Kota Kinabalu: The sporting community in the State mourned the loss of one of its greatest athletes Datuk Dilbagh Singh Kler aged 76, who passed away peacefully on Thursday morning at the Queen Elizabeth Hospital at 4.30am.

The Olympian who was fondly known as the "flying Sikh" in the sixties with his prowess on the track leaves behind wife Datin Amrit Kler, a son and two daughters.

He was a household name here in the State when he took part in the Tokyo Olympics in 1964 and he also appeared in the 1966 Commonwealth Games in Kingston, Asian Games in Bangkok the same year as well as four consecutive SEAP Games in 1965, 1967, 1969 and 1971.


He was the SEAP Games record holder in the 3,000m and 5,000m events in 1965, 1967 and 1971 and held the national records for the same events in 1964, 1965, 1966 and 1971.

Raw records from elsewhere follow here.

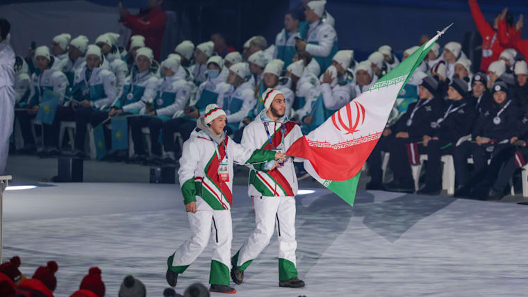 In the spotlight Ali Boloukat (Alpine Skiing) and Parastoo Absalan (Cross-Country Skiing) carry the flag into the stadium for the Islamic Republic of Iran Youth Olympic Team during the Opening Ceremony at the Gangneung Oval. The Winter Youth Olympic Games, Gangwon, Republic of Korea, Friday 19 January 2024.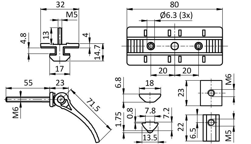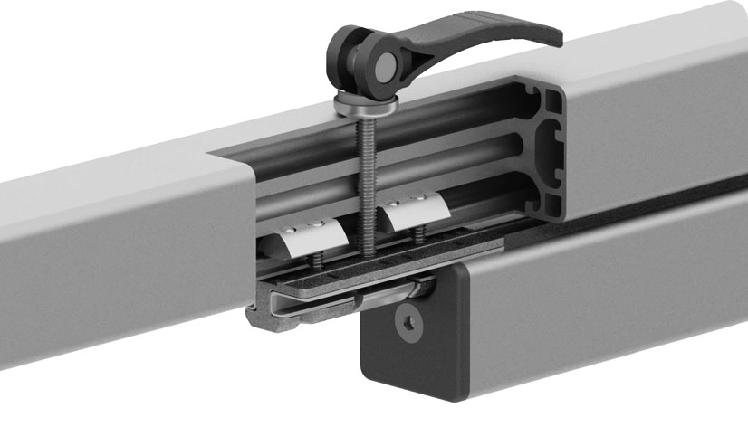zur gleitenden Führung von Profilen mit Nut 8, Loslager*; zusätzliche Klemmung des Schlittens erhöht die Einsatzmöglichkeiten, z. B. als schnell verstellbarer Endanschlag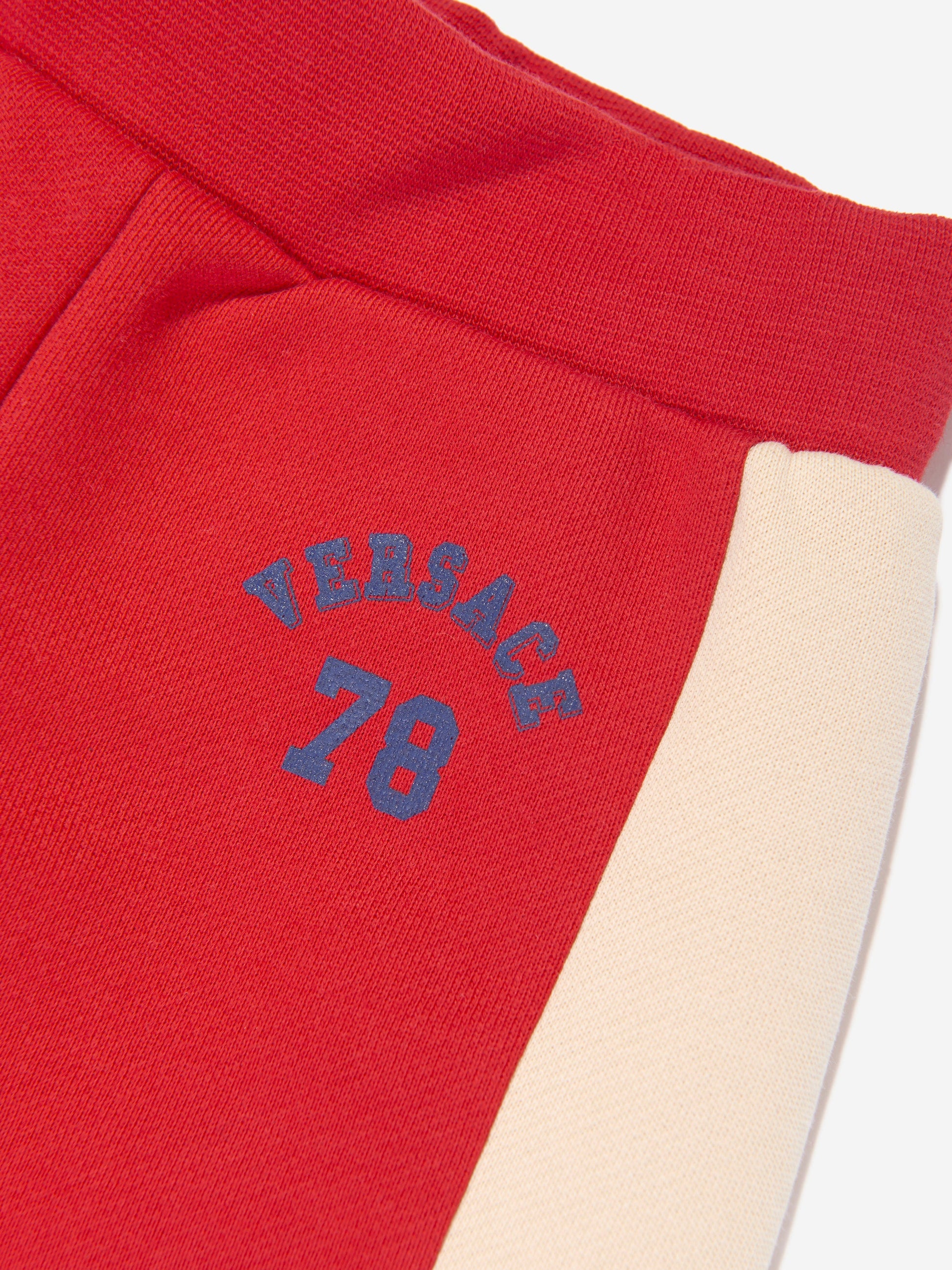 温馨提示:该商品下单后不支持取消订单,请您在购买前确认商品信息无误。商品如有缺货情况,订单会自动取消退款。预计收货时间为1至2周。 Versace project fine detailing into their opulent aesthetics. These baby boys joggers are reflective of the label's passion for innovation. An exquisite garment epitomising the luxurious essence of it's Italian heritage. Envisioned in red and beige, they are accentuated by contrasting inserts and the embroidered "VERSACE 78" in navy.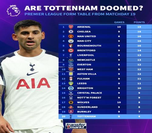 体育播报2月23日宣 德国转会市场统计了英超各队第19轮比赛以来拿到的积分,并列出榜单,阿森纳19分最多,热刺4分垫底。

Dilbagh served as a coach for athletes under the State Youth and Sports Ministry and retired in 1991.

He was awarded Datukship in 2005 for his contribution to sports.

He was a true sportsman to the very end as his wife Datin Amrit Kler told Express Sports that he continued to keep himself fit by cycling for an hour per session twice daily on an exercise bike until very recently despite his failing health.


Daughter Jaswinder said her father passed away quite unexpectedly with doctors who treated him were also surprised as they were about to discharge him on the same day.

Former national sprinter David Williams who was at the funeral parlour to pay his last respect had only fond memories to say about Dilbagh.

He said he used to train under Dilbagh together with State Tourism, Culture and Environment Assistant Minister, Datuk Elron Alfred Angin and had followed him to many coaching clinics throughout the State.

"He was the first real coach for us here in the State back in the late seventies.


He was always very generous to the athletes and he really took care of us in terms of our welfare and training."

"I have never seen him losing his temper. He was a passionate coach and he was always there at the track to guide the young athletes patiently."

David said he last met him a month ago and Dilbagh could still remember him as a former athlete and he even asked him to shed a few pounds to stay healthy.

His remains will be placed at the Fook Lu Siew Funeral Parlour here until Saturday when it will be cremated.